Since its formation in 2008, EIT has been managed by five different directors. The present incumbent, Martin Kern has been acting as interim director since August 2014. Following the ECA report in April, EIT said it was looking for a permanent director.
Responding to the findings, EIT spokeswoman Magdalena Gryszko said, “We very much appreciate the recommendations. Innovation means being constantly open to new solutions.”
EU Education Commissioner Tibor Navracsics, who commissioned the review said, “The set of far-reaching recommendations, once implemented, will help the EIT play this role even more effectively.”
Extend lifeline for KICs
The future solvency of KICs is another problem identified by the review. Up to 2015, the EIT continued to fund close to 90 per cent of the KIC costs, but the rules say KICs are to aim for full financial self-sustainability and are supposed to receive a decreasing level of EIT grant funding.
The first wave KICs set up in 2010 – EIT Digital, InnoEnergy and ClimateKIC – are now entering a phase in which the EIT grant will start decreasing, but the reviewers “found a real lack of clarity as to what should happen.” The likelihood is high that, as the EIT grant starts declining, the KICs' partnerships will be put under pressure and some partners will start leaving.

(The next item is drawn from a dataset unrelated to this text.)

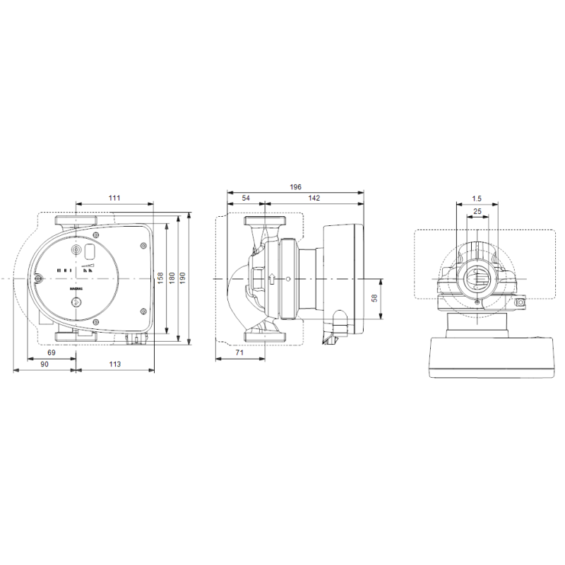 Cirkuliacinis siurblys Grundfos Magna1 25-120 180. Cirkuliaciniai siurbliai Grundfos Magna1 skirti naudoti šiose srityse: oro kondicionavimas/šildymas, karšto vandens recirkuliacija. Siurblys yra su itin paprasta vartotojo sąsaja, tai leidžia jį valdyti labai paprastai. Dėl hermetiškos cirkuliacinio siurblio Grundfos Magna1 25-120 180 rotoriaus konstrukcijos, nereikalinga techninė priežiūra. Suteikiama 2 metų garantija.
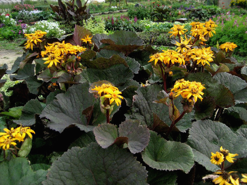 Бузульник зубчатый Dark Beauty "Ligularia dentata Dark Beauty" - имеет высоту 90 - 120 см. Листья большие, блестящие, сердцевидные, тёмно-фиолетовые. Соцветие в виде ярких ромашек оранжевого цвета.

Further, after year 15, the KICs' non-profitable operations are likely to be shed. “As a result, the KICs may in the end formally achieve the financial sustainability goal, but at the cost of a severely negative effect on their innovation capacities and their knowledge triangle integration mission,” the review says.
The Commission should set aside a portion of its budget to be accessible, on a competitive basis, to the earlier wave KICs. “Regular and increasingly critical evaluations should take place [to determine] which parts of the maturing KIC should continue to be funded and which not”, says the report.
The review also calls for clear evidence on how the KICs’ private sector partners will contribute to their operations and how the KICs will develop strategies to raise income apart from the EIT grant.
Lack of real corporate engagement
EIT has over 800 partners, among them giants like Siemens, Ericsson, Bayer and Philips, but many show only a limited interest in the mission and activities of the EIT and several CEOs interviewed by the reviewers were unaware of their companies' involvement in the EIT.
“It appears that larger business partners view the EIT mainly as just another source of funding for their corporate innovation, and limit their involvement in KICs to the participation of their R&D departments,” the review finds. This is a problem because the KICs do not get access to business units that are closer to the market.
While some major business partners are active in the KICs’ governance structures, there are few signs of innovations within EIT stemming from their involvement, the report says.
“They appear to have adopted a ‘wait and see approach’, observing what emerges from the work of young innovators and the ventures they may start, perhaps providing support through their research departments for testing and lab-based activities”, the report says.
EIT stronger on education
By contrast, the review finds that the EIT’s innovation education is beginning to bear fruit and the interest in EIT-backed courses, measured by number of applicants, is high.
However, it is not clear if the applicants are attracted by the universities that offer the programmes or by the EIT label itself, which the reviewers say “lacks visibility and credibility”.
The reviewers recommend opening up EIT courses to older students aged 35-45. “By concentrating on education for young people in their 20s, the EIT is missing out on the population segment often identified as being a fertile source of innovative business creation,” the report says.
In addition, there should be benchmarking of the EIT's education offers against what is available for entrepreneurship education elsewhere in Europe and the US.